#### Work instruction:
Each line of the data below between the one containing "Bachelor-Party-Buttons für Trauzeuge" and the one containing "Когда бы ни", both included, is to be repeated exactly. Please omit pictures.

#### Input for this task:
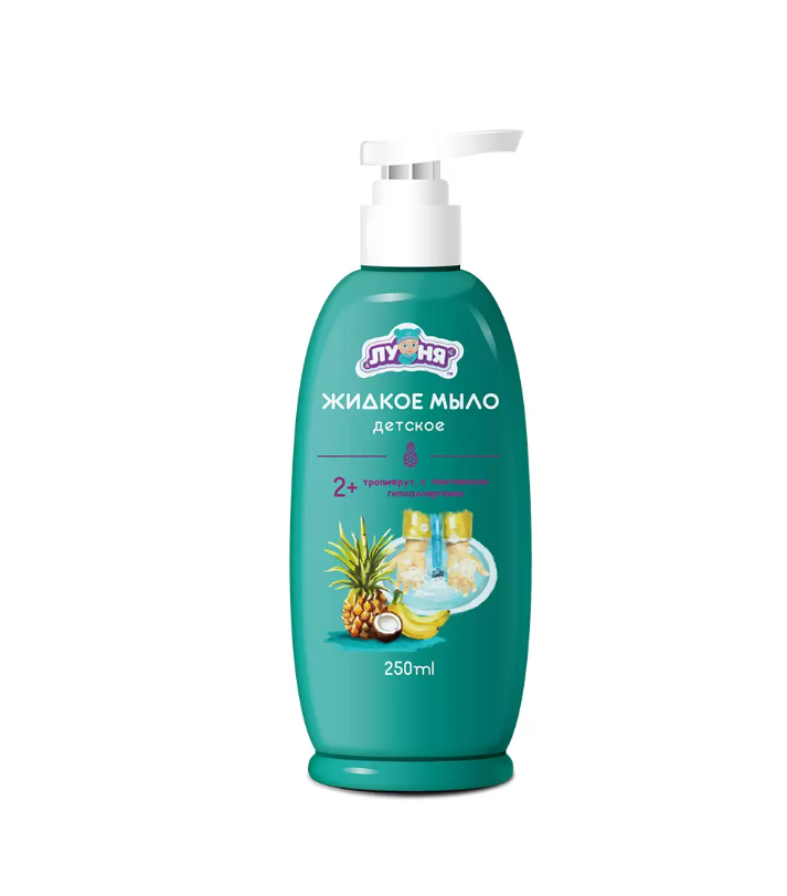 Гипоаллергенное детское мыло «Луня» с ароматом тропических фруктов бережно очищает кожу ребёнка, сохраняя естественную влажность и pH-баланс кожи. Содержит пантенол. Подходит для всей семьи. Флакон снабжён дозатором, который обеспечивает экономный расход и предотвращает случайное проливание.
...
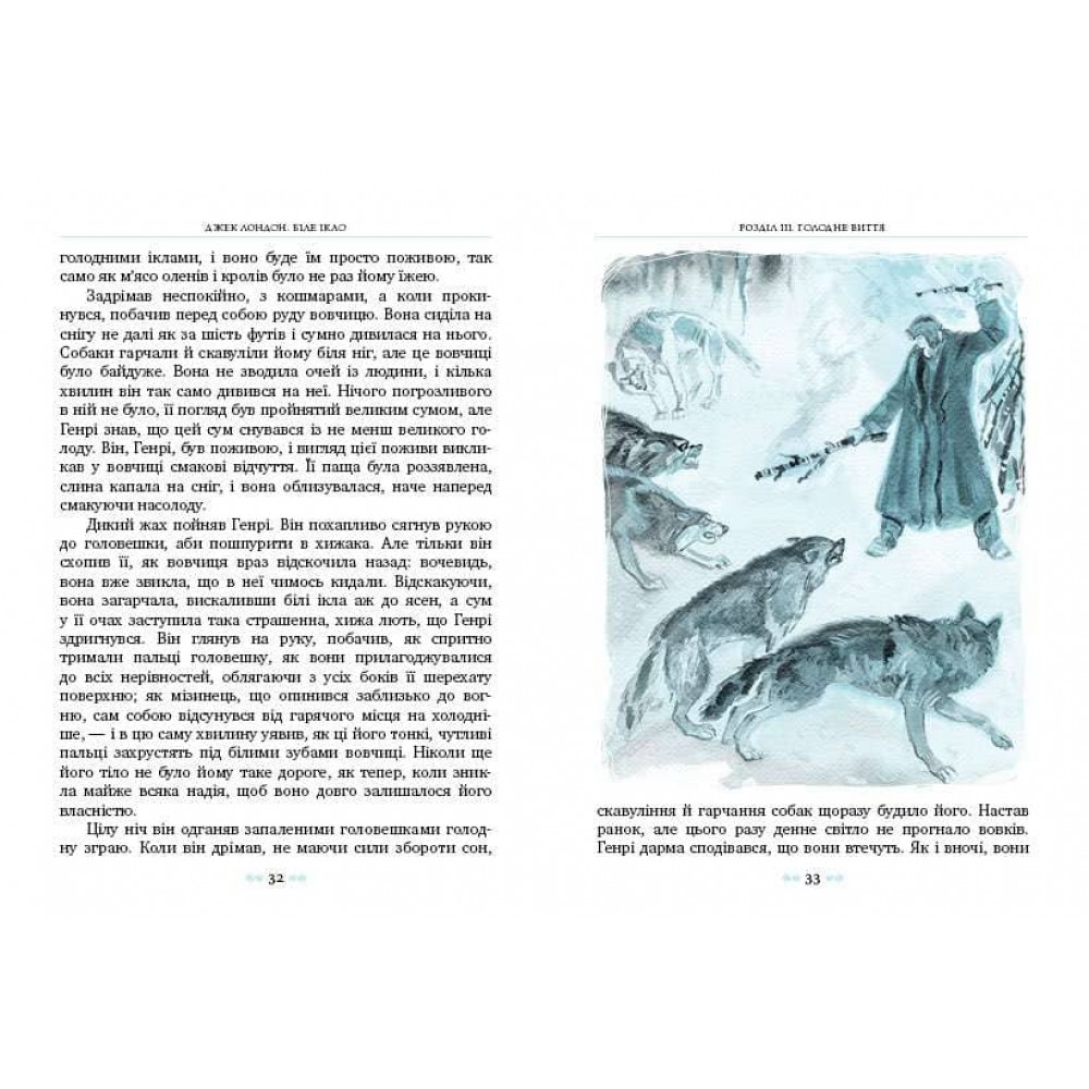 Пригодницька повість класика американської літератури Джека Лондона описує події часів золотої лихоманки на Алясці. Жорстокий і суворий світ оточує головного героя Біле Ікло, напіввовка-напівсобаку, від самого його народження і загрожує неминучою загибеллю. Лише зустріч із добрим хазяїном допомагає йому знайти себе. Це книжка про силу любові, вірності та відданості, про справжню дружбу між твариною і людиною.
...
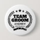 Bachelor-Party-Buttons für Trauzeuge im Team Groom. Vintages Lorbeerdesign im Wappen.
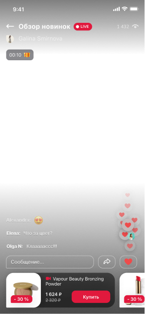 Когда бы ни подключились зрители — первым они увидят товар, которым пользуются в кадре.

#### Worked solution:
 Bachelor-Party-Buttons für Trauzeuge im Team Groom. Vintages Lorbeerdesign im Wappen.
 Когда бы ни подключились зрители — первым они увидят товар, которым пользуются в кадре.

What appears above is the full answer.